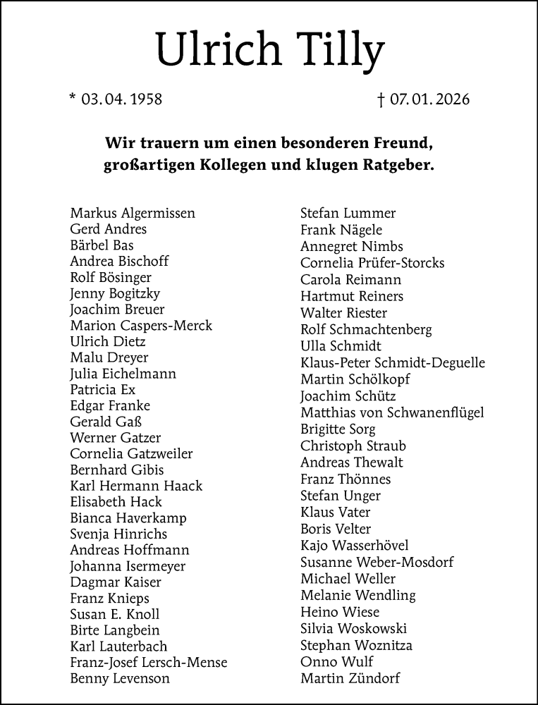 Hier finden Sie alle Traueranzeigen aus der Zeitung, die bisher für Ulrich Tilly erschienen sind. Weitere Traueranzeigen, die in der Zeitung erscheinen, werden hier ebenfalls aufgelistet
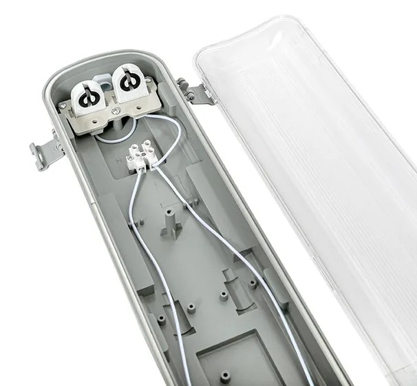 Светильник пылевлагозащищенный под LED лампу. Светильник пылевлагозащищенный под LED лампу 1хT8; P-max.18 Вт, U-ном.230 В; IP65, t-раб.-25…+40°C, 64х62х1300 мм. Цвет белый.
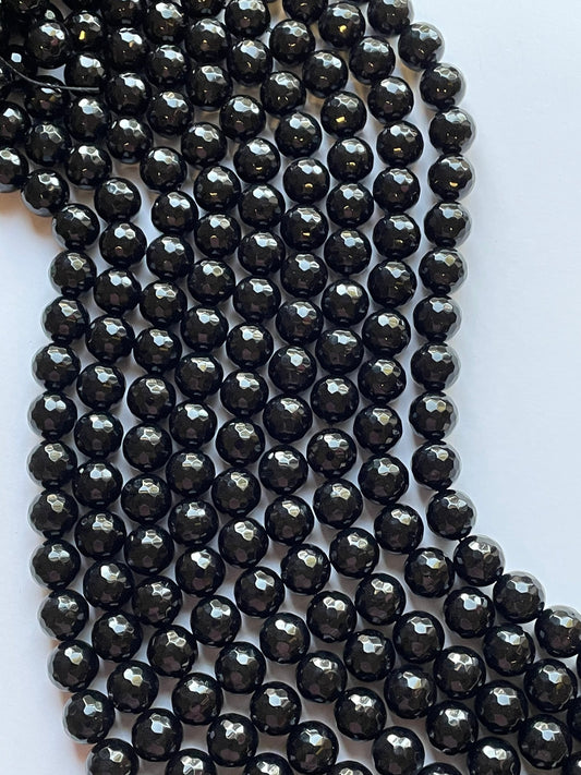 AAA Natural Black Onyx Gemstone Bead Faceted 4mm 6mm 8mm 10mm 12mm Round Beads, Gorgeous Natural Black Color Onyx Gemstone Bead

**ASSIGNED TASK:** Give the listing again, exactly as it appears, but without its images.

**RESULT OF THE TASK:**
 Hier finden Sie alle Traueranzeigen aus der Zeitung, die bisher für Ulrich Tilly erschienen sind. Weitere Traueranzeigen, die in der Zeitung erscheinen, werden hier ebenfalls aufgelistet
 Светильник пылевлагозащищенный под LED лампу. Светильник пылевлагозащищенный под LED лампу 1хT8; P-max.18 Вт, U-ном.230 В; IP65, t-раб.-25…+40°C, 64х62х1300 мм. Цвет белый.
 AAA Natural Black Onyx Gemstone Bead Faceted 4mm 6mm 8mm 10mm 12mm Round Beads, Gorgeous Natural Black Color Onyx Gemstone Bead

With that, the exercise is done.